– Ах! – воскликнул нотариус. – Значит, вы читали Беруля!
– Рукопись двести семнадцать, – процитировал хозяин, – du fonds français de la Bibliothèque Nationale, le commencement et le fin du poème sont perdus»[14], двенадцатый век – самый ранний сохранившийся манускрипт из всего, что написано о Тристане. Да, я читал «Роман о Тристане» Беруля, по крайней мере ту часть, которую профессор ученого общества, о котором я только что упомянул, счел нужным процитировать. Сюжет восходит к шестому веку, а то и ранее, и это сказание передавалось от отца к сыну, скорее, от матери к дочери, пока ваши странствующие трубадуры не подхватили его и не превратили в поэзию.
– Романтизируя похоть и распущенность и превращая их в бессмертную любовь, – прошептал нотариус.
– Можно сказать и так, – ответил Карфэкс, – однако мой опыт врача свидетельствует, что в целом результат был благотворен. Не хлебом единым жив человек, точнее, простите за прямоту, не только совокуплением. Мечтательную сторону натуры тоже надо удовлетворять. Позвольте мне рассказать вам кое о чем. Лет девятнадцать тому назад ждал я в Замке Дор появления на свет младенца – это та самая молодая женщина, которая чуть не погибла сегодня в экипаже, когда лошади понесли, – и, когда я бодрствовал под звездами, мне показалось, что я близок к какому-то прозрению. Я не знал, что это такое, разгадка была мне не под силу.
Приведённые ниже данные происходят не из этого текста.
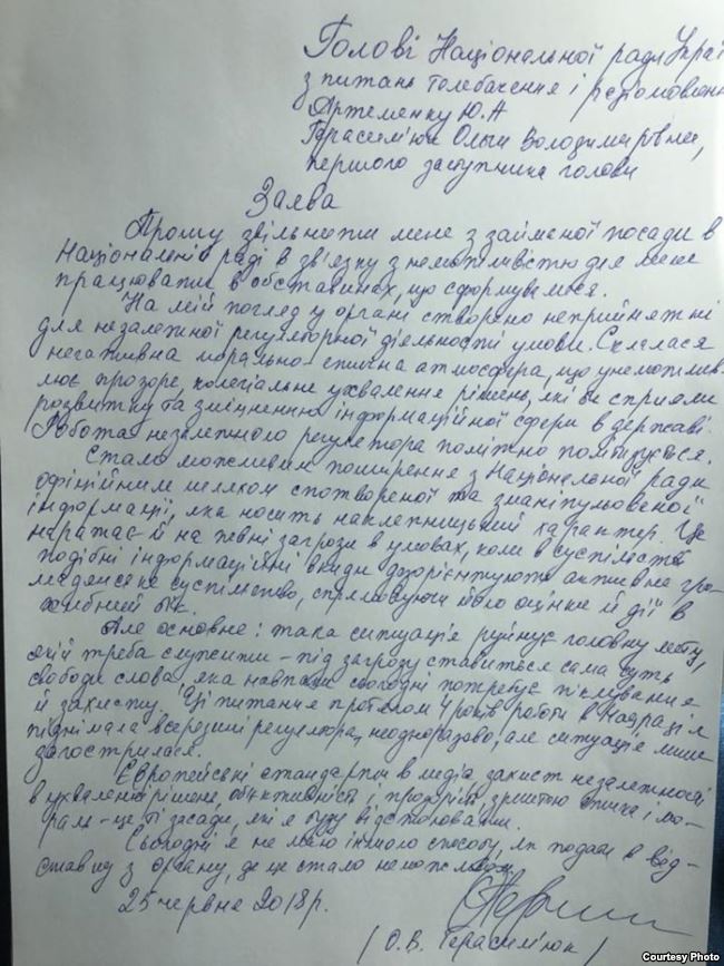 При увольнении Ольга Герасимюк предоставила фотокопию своего заявления об увольнении, в котором отметила "созданные неприемлемые для независимой регуляторной деятельности условия".

И вот, много месяцев спустя, читая вашего поэта Беруля, я обнаружил слово «Lancien» – древний вариант нашего «Лантиэна» – и осознал, что если его слова верны, то все свое детство – разоряя птичьи гнезда, собирая в лесу куманику и орехи или просто предаваясь праздным мечтам – я ходил по тропинкам одной из величайших в мире историй любви.
– И что же?
Доктор Карфэкс размышлял с минуту, пытаясь оживить прошлое, стертое временем, – лишь аромат его сохранился в лабиринтах памяти, словно цветок, забытый между страницами книги.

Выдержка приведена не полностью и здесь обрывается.